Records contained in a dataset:
*** Block opens ***
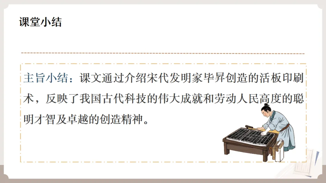 课文通过介绍宋代发明家毕昇创造的活板印刷术,反映了我国古代科技的伟大成就和劳动人民高度的聪明才智及卓越的创造精神。
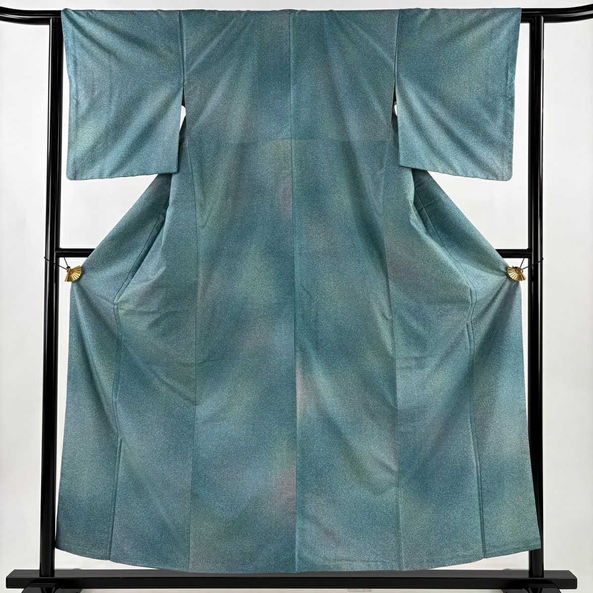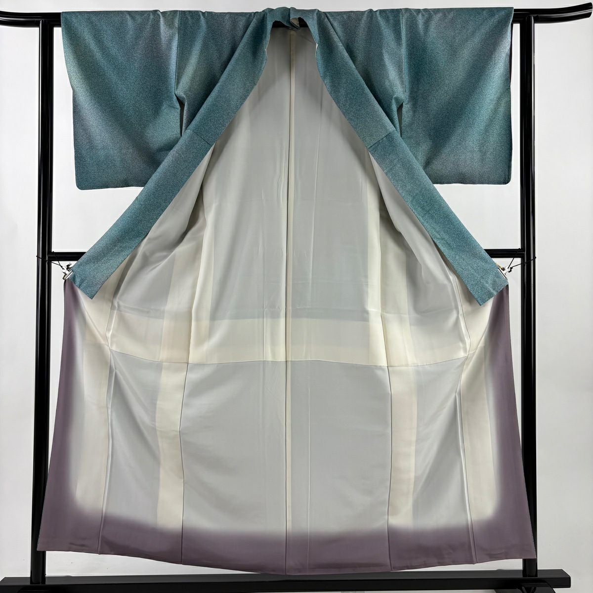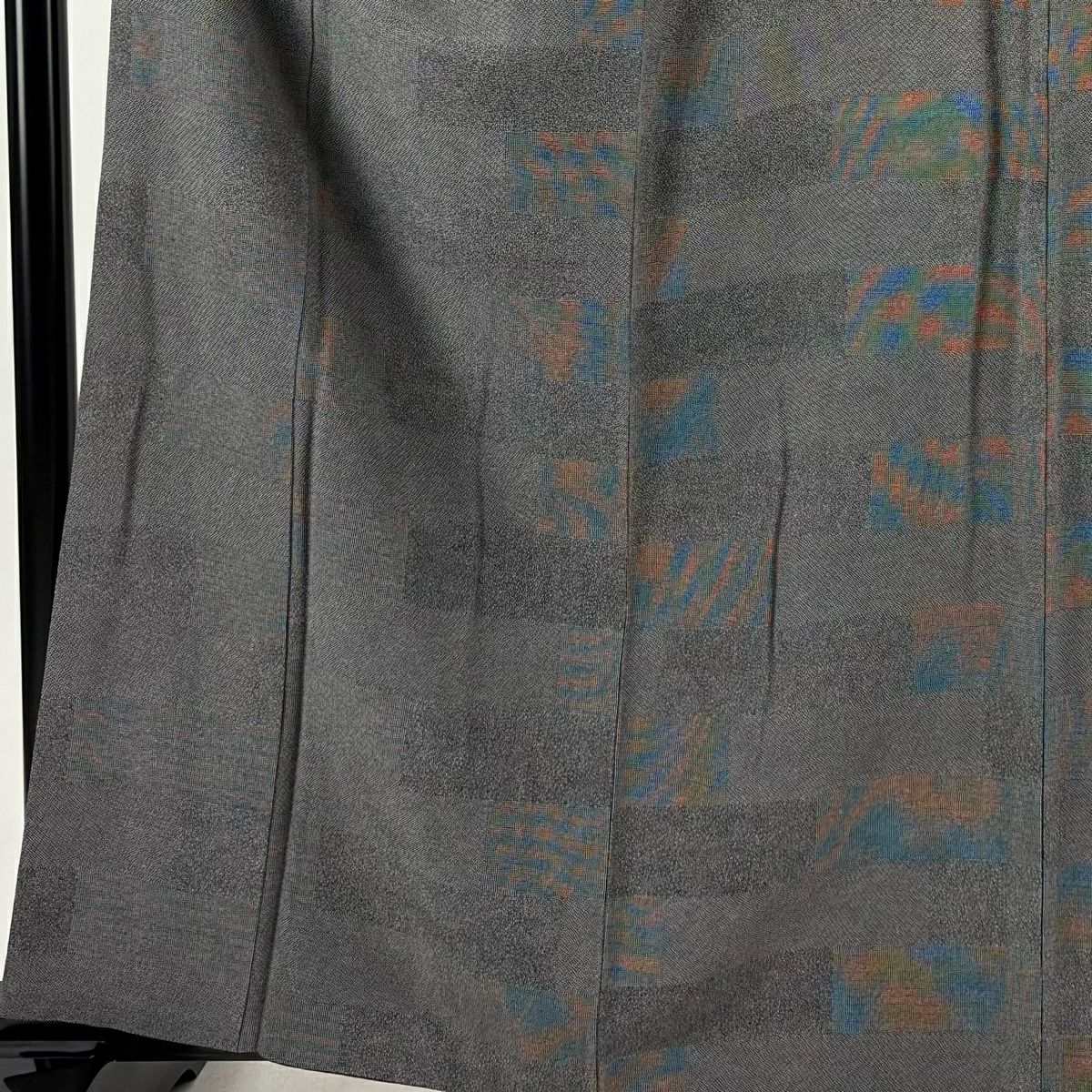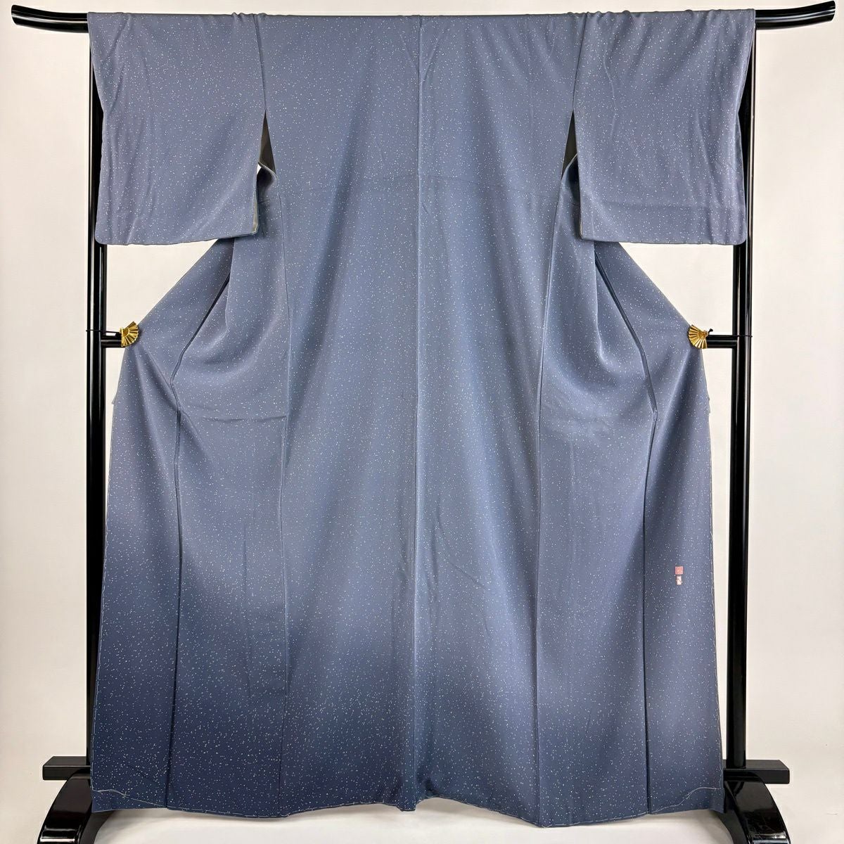 付下げ 身丈166.5cm 裄丈66.5cm M 袷 岡村岳人 落款あり 幾何学模様 裾ぼかし柄 青灰色 正絹 秀品
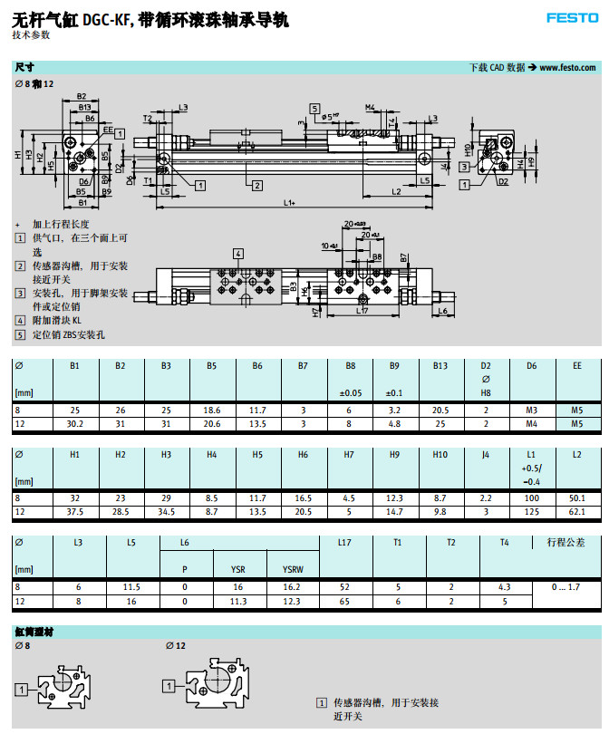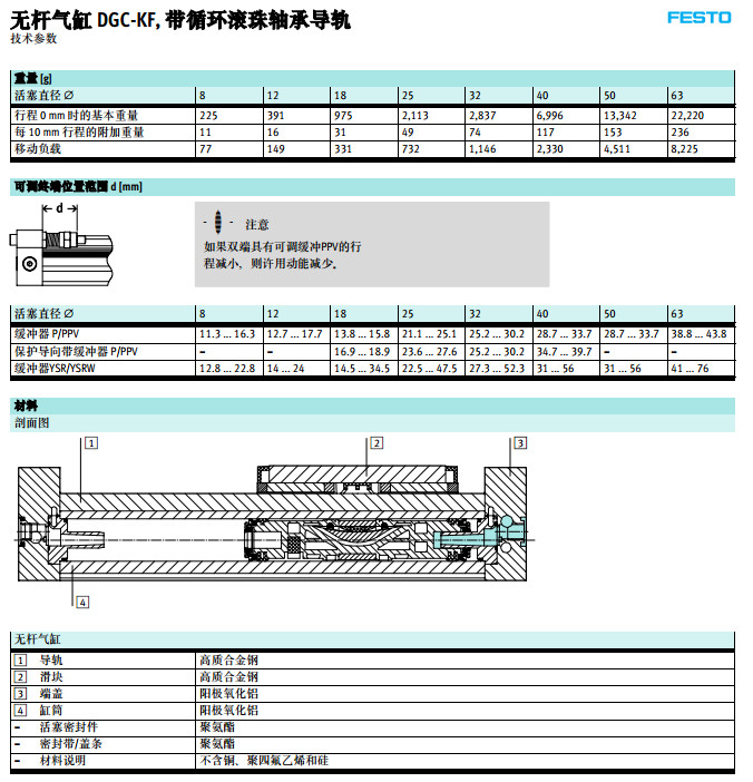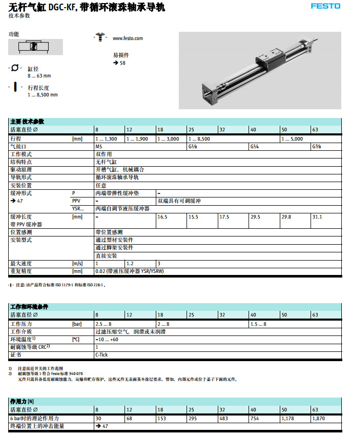 DGC-8-1000-KF,DGC-12-1000-KF,DGC-25-1000-KF,DGC-32-1000-KF,festo无杆气缸
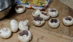 نحن نغسل الفطر ونجف ونزول الساقين. نضع الفرن على 180 درجة.
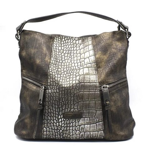 Cartera Agua De Coco Gris Reptil Metal
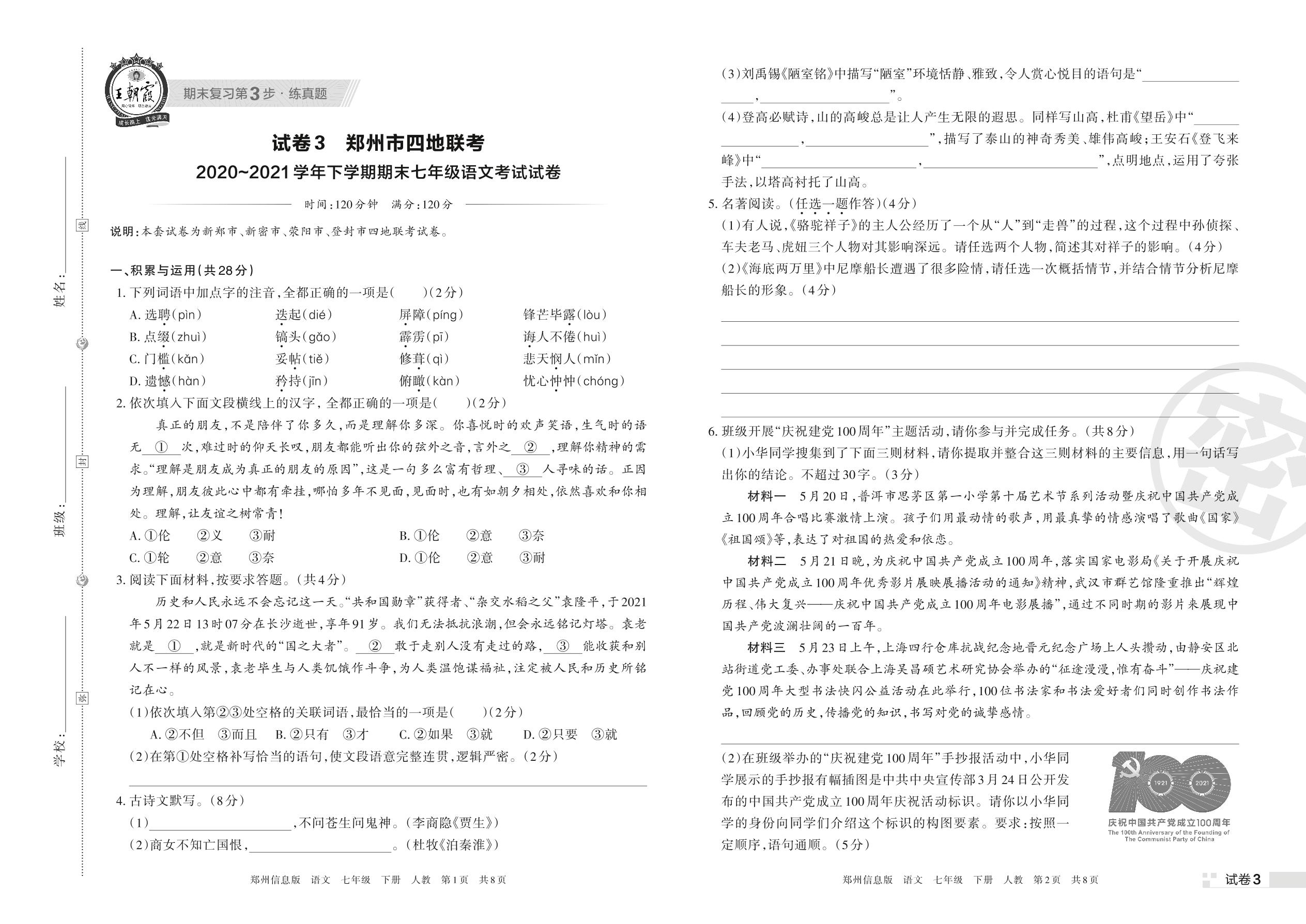 郑州市四地联考2020~2021学年下学期期末七年级语文考试试卷(人教版)【3】
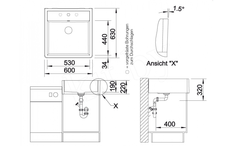 Габариты: 600*630 мм, р-р чаши 530*440мм, глубина 190мм, с фронтальной видимой частью
*** Block closes ***
_Your instructions_
The response should be the lines from the one containing "郑州市四地联考2020~20" through the final line of the records, reproduced exactly and with every picture left out.

_Answer box_
 郑州市四地联考2020~2021学年下学期期末七年级语文考试试卷(人教版)【3】
 Габариты: 600*630 мм, р-р чаши 530*440мм, глубина 190мм, с фронтальной видимой частью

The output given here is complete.